Stability Evaluation Approach

Stability studies support two key objectives. The first establishes an appropriate shelf life or retest period. The second evaluates whether product quality stays consistent during commercial manufacture and storage. Our approach addresses both objectives using established statistical methods aligned with international regulatory guidance.

1.Shelf-Life Estimation

Shelf life estimation follows the framework described in ICH Q1E Evaluation of Stability Data and ICH Q1A(R2) Stability Testing of New Drug Substances and Products.

The statistical foundation for this approach originates from the stability analysis procedure implemented in the FDA SAS STAB macro introduced in 1984. This method established a structured way to estimate expiry or retest intervals using regression analysis of stability data and has been widely adopted in regulatory submissions.

Subsequent regulatory guidance, including FDA stability guidance issued in 2004 and the ICH Q1E guideline published in 2003, follows the same statistical principles while allowing flexibility in how the models are applied.
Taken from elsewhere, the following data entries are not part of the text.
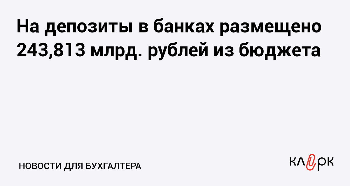 На депозиты в банках размещено 243,813 млрд. рублей из бюджета
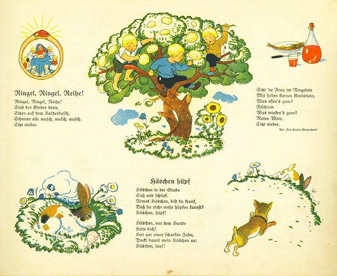 Wenz-Viëtor – Diek, Charles (Hg.), Schweinchen schlachten, Würstchen machen, quiek, quiek, quiek. Lustige Kleinkinderreime für Mutter und Kind. Mit Bildern von Else Wenz-Viëtor. (= [Stalling Bilderbuch, ehem. Nürnberger Bilderbücher] Nr. 19). Oldenburg, Stalling 1941. 35.-54. Tsd. 27,8 x 22,5 cm (quer). (16 S.) mit sehr zahlr. farbigen Illustrationen (Offset-Lithos), farb. illustr. OHlwd. (etwas berieben u. bestoßen, eine Ecke mit größerer Läsur). Insgesamt div. leichte Gbrsp., jedoch gut erhaltenes Exemplar. Liebert (Schiefertafel 2/1984) 19. Stuck-Villa II 354 (diese Aufl.) Bilderwelt 638. * In diesem Bilderbuch sind außer dem titelgebenden Vers nahezu alle Kindergedichte auch für Vegetarier bestenes geeignet. Das Buch ist entzückend illustriert und war einer der größten Erfolge unter den Stalling-Bilderbüchern.
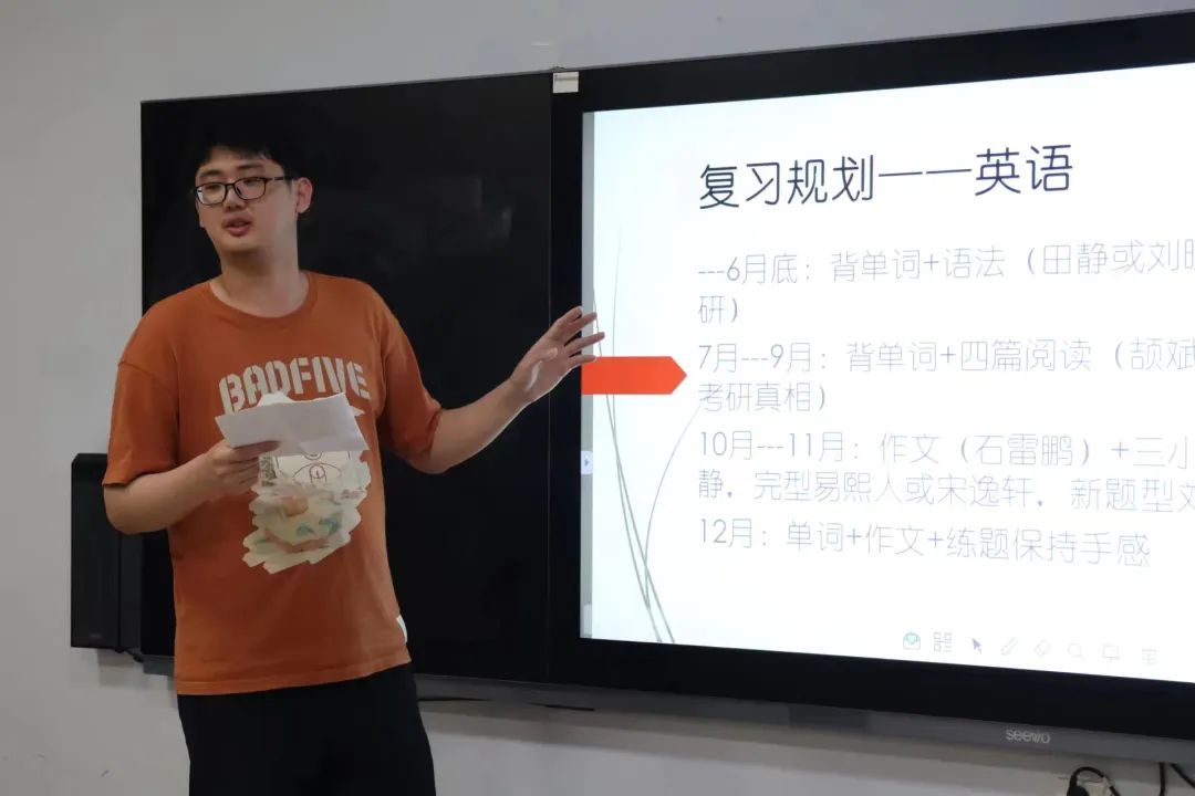 物理系本科学生党支部李树聪先对王渤友的内容进行了补充,他表示:“择校因素还应从学科排名、学校排名、难易程度和地区几方面考虑,增大自身考研把握。”之后,他以自身考研为例为同学们强调了一些注意事项,最后为同学们推荐了一些考研相关的网课资料,并为同学们送上真挚的祝福。
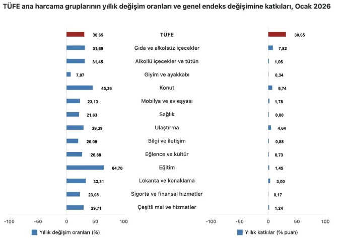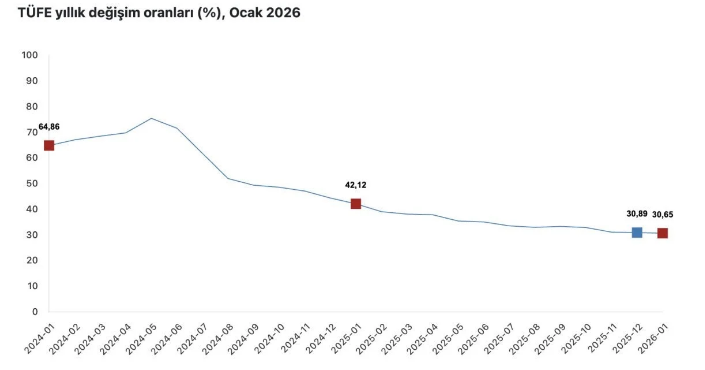 Piyasalar ve vatandaşlar ocak ayı enflasyon verisine odaklandı. Son dakika haberine göre Türkiye İstatistik Kurumu (TÜİK), Ocak 2026 Tüketici Fiyat Endeksi (TÜFE) verilerini paylaştı.TÜFE'deki değişim 2026 yılı Ocak ayında, bir önceki aya göre yüzde 4,84 artış, bir önceki yılın aralık ayına göre yüzde 4,84 artış, bir önceki yılın aynı ayına göre yüzde 30,65 artış ve on iki aylık ortalamalara göre yüzde 33,98 artış olarak gerçekleşti.
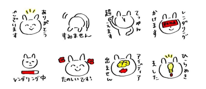 「CGプロダクション デザイナースタンプ」では、CG制作会社で日々頑張るデザイナーさん達の気持ちを、ゆるいうさぎが代弁しています。「レンダリングかけます」「収集しました」等々、当社内で飛び交っている用語を多数入れ込み、「あるある!」と頷いていただける内容のLINEスタンプに仕上げています。
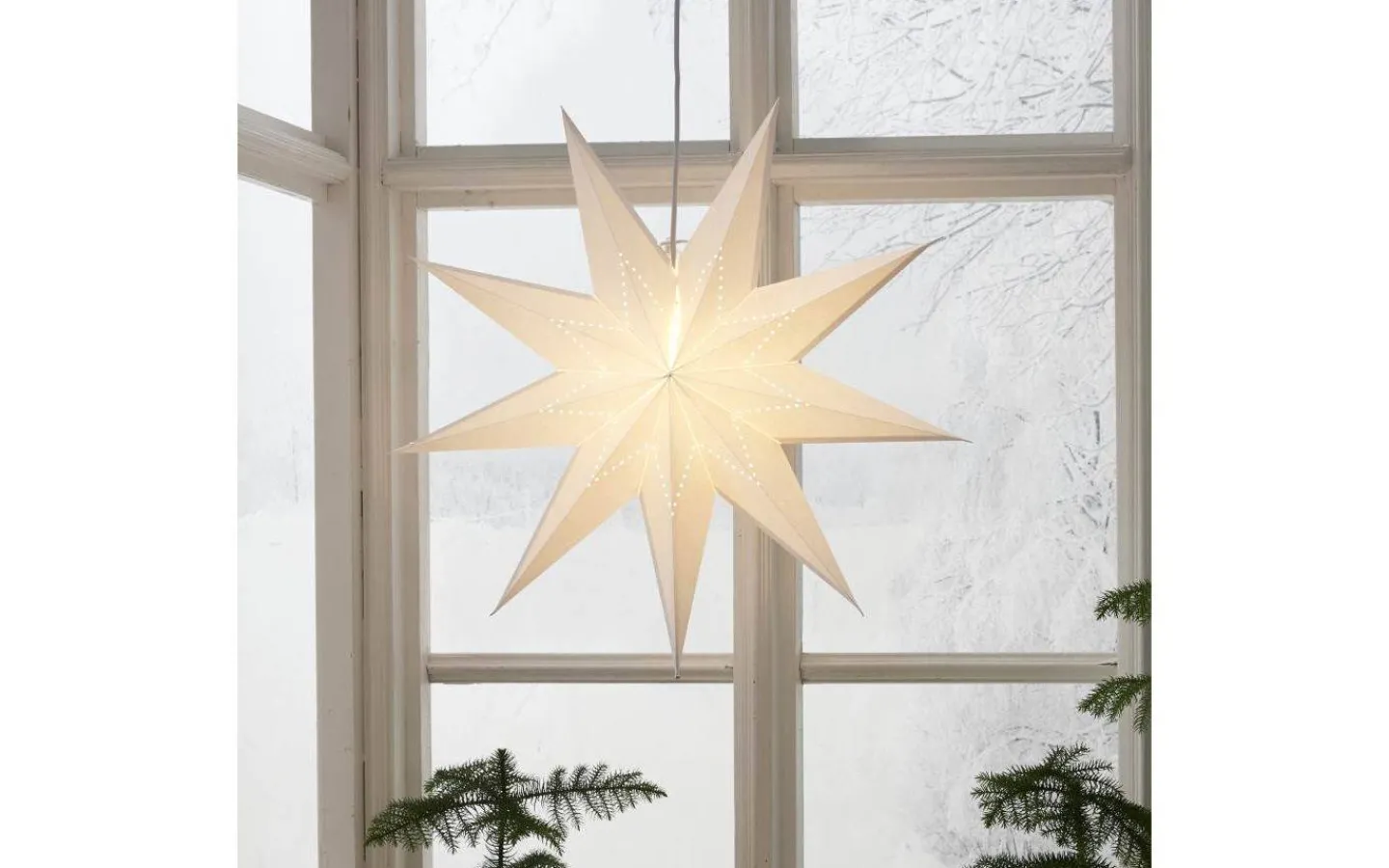 Vit pappersstjärna med hålmönster i form av en stjärna. Dekorera med till jul och advent. Häng en eller flera stjärnor tillsammans i ett fönster eller mot en vägg. Stjärnan har plats för en ljuskälla och det följer med ett upphäng för E14 lampa. Denna produkt har FSC®-märkning.

As a result, the analytical concepts introduced in the SAS STAB macro continue to underpin modern regulatory stability assessments.

  • Subsequent regulatory guidance, including FDA stability guidance issued in 2004 and the ICH Q1E guideline published in 2003, follows the same statistical principles while allowing flexibility in how the models are applied. As a result, the analytical concepts introduced in the SAS STAB macro continue to underpin modern regulatory stability assessments.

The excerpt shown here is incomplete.